### [Task data]
- - - - -
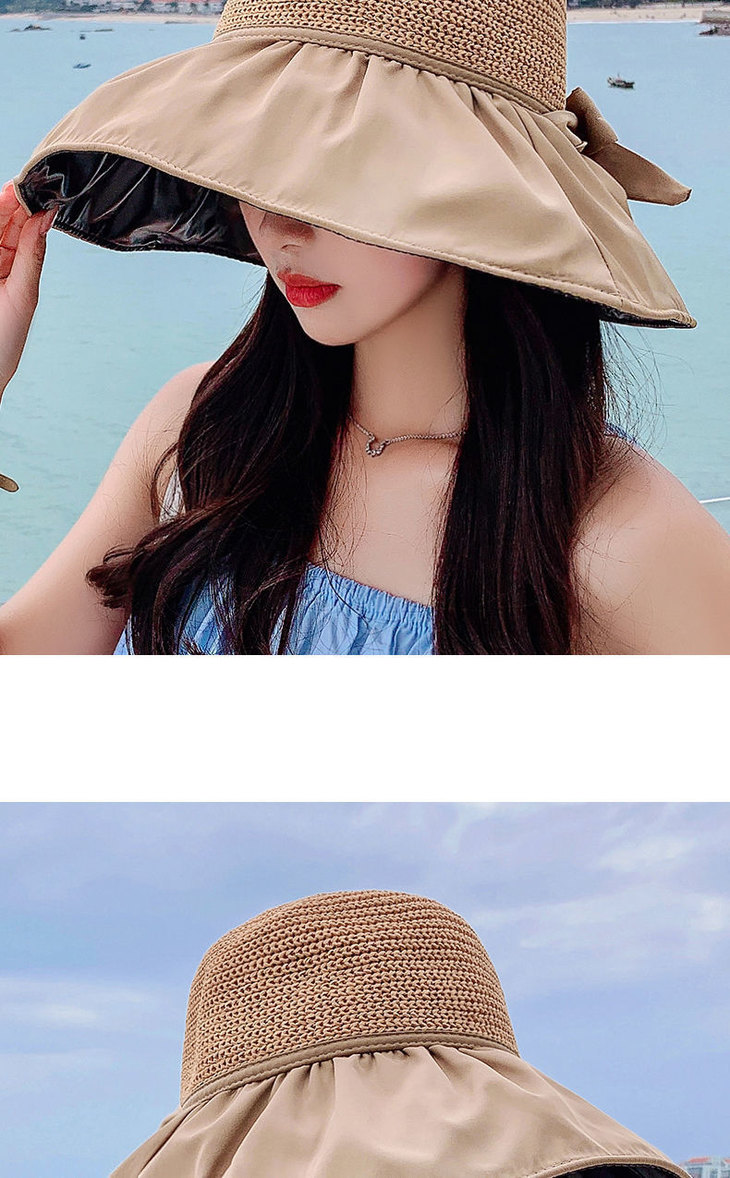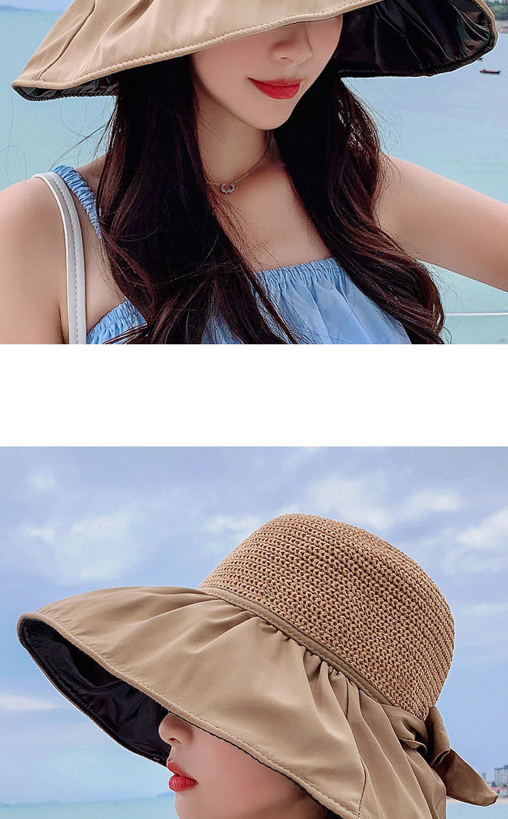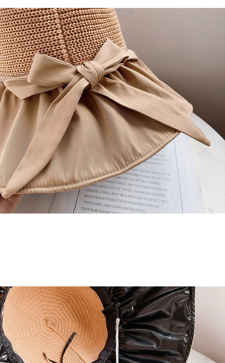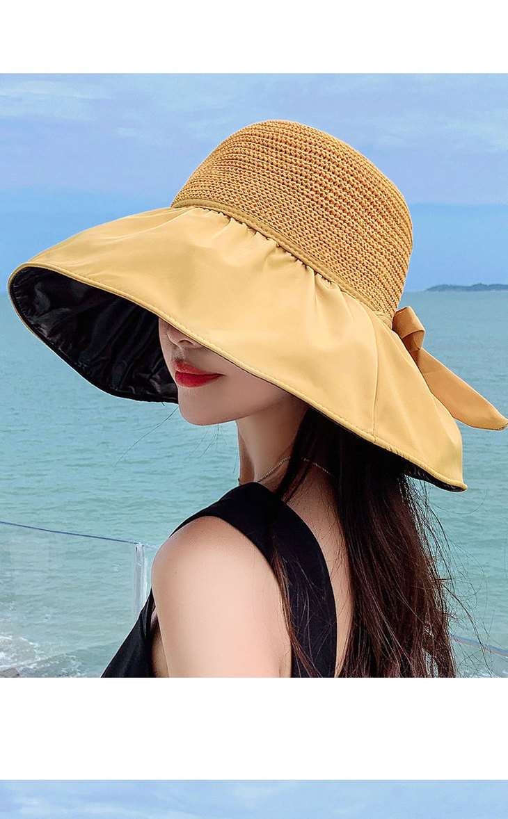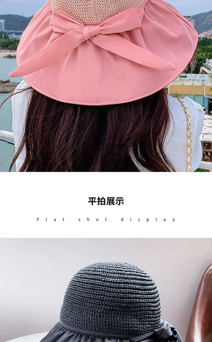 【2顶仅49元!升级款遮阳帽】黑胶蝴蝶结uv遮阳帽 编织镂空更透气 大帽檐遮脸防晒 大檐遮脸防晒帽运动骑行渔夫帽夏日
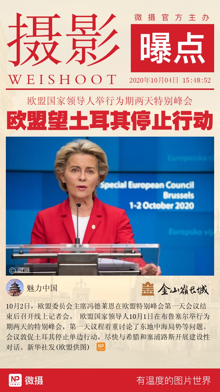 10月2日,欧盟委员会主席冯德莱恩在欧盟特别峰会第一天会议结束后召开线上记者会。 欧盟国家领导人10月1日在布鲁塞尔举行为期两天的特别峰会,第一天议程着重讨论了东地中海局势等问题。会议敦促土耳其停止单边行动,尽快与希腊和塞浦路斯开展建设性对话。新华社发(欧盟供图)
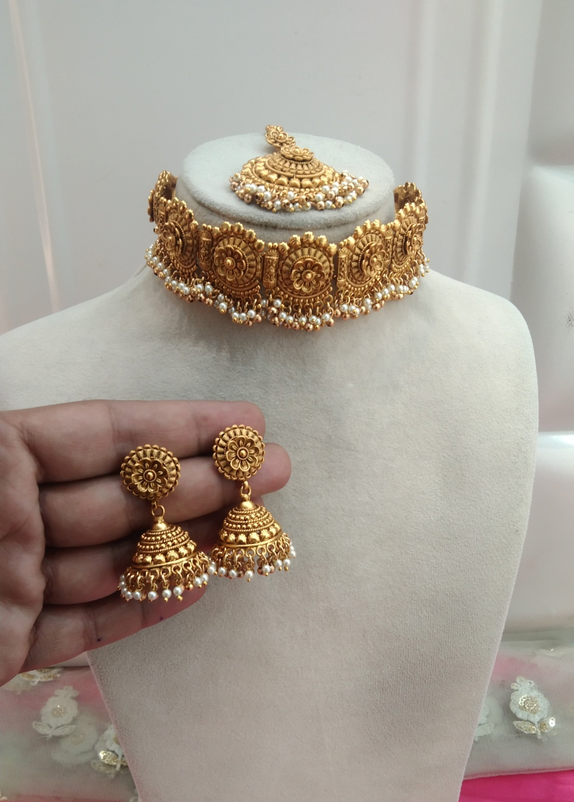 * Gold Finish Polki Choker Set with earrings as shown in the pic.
- - - - -
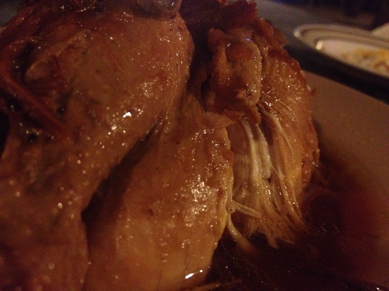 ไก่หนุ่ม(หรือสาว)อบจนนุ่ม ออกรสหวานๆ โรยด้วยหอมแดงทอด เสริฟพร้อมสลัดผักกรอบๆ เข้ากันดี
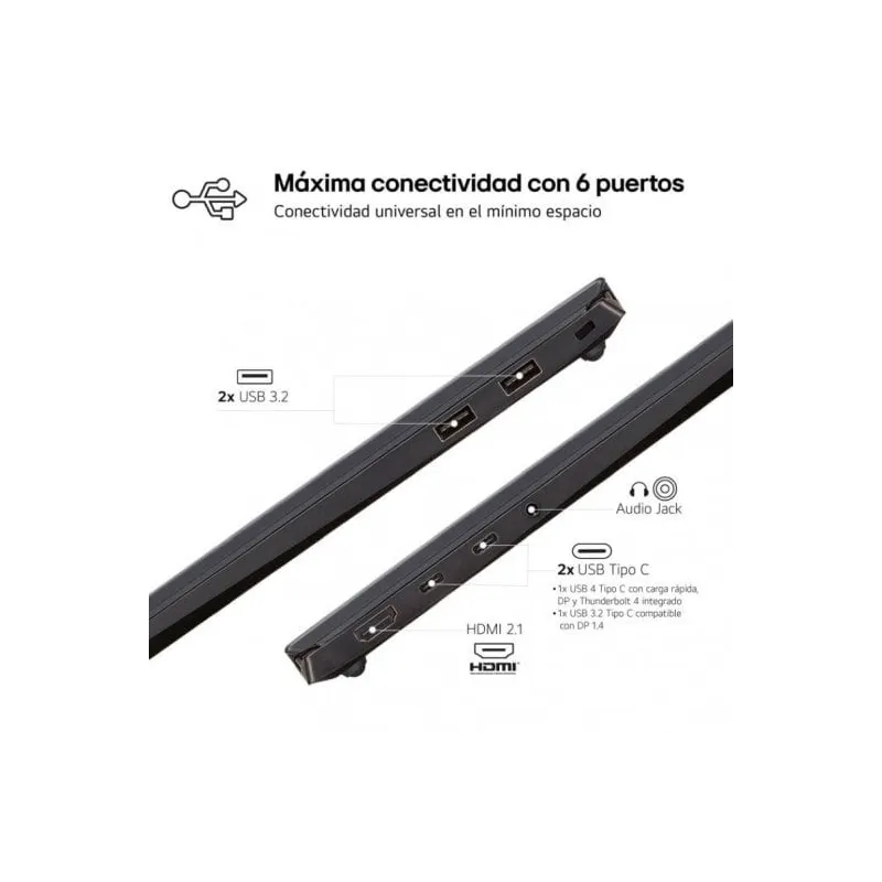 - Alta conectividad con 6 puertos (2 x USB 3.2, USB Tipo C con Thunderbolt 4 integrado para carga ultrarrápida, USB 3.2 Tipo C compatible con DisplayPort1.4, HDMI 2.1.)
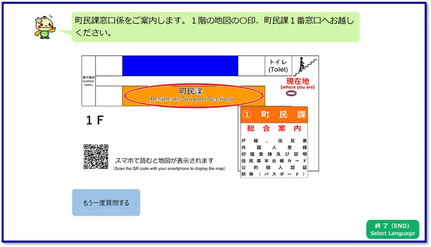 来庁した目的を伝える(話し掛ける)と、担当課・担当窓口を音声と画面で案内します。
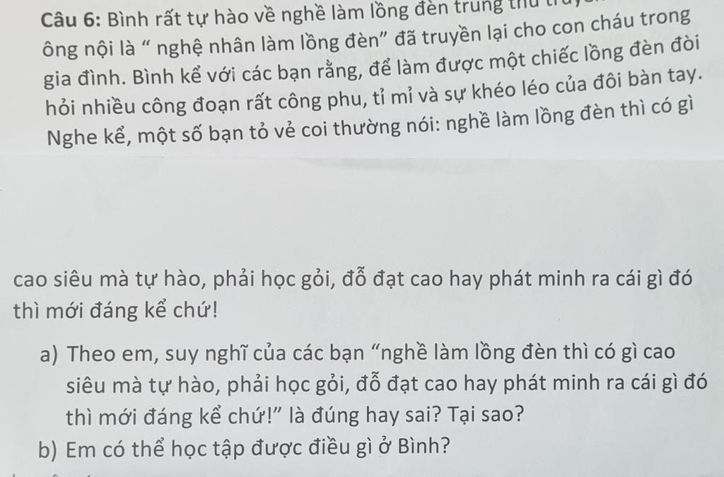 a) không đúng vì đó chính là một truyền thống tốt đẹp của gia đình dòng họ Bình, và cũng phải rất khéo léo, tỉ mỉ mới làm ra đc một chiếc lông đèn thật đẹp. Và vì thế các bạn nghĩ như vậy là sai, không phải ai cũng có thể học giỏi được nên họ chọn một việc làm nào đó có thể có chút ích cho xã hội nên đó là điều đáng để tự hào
- - - - -
### [Work item]
Start at the line above containing "- Alta conectividad" and stop at the line containing "a) không đúng": print those lines and everything between them exactly, but not the pictures.

### [Response to this exercise]
 - Alta conectividad con 6 puertos (2 x USB 3.2, USB Tipo C con Thunderbolt 4 integrado para carga ultrarrápida, USB 3.2 Tipo C compatible con DisplayPort1.4, HDMI 2.1.)
 来庁した目的を伝える(話し掛ける)と、担当課・担当窓口を音声と画面で案内します。
 a) không đúng vì đó chính là một truyền thống tốt đẹp của gia đình dòng họ Bình, và cũng phải rất khéo léo, tỉ mỉ mới làm ra đc một chiếc lông đèn thật đẹp. Và vì thế các bạn nghĩ như vậy là sai, không phải ai cũng có thể học giỏi được nên họ chọn một việc làm nào đó có thể có chút ích cho xã hội nên đó là điều đáng để tự hào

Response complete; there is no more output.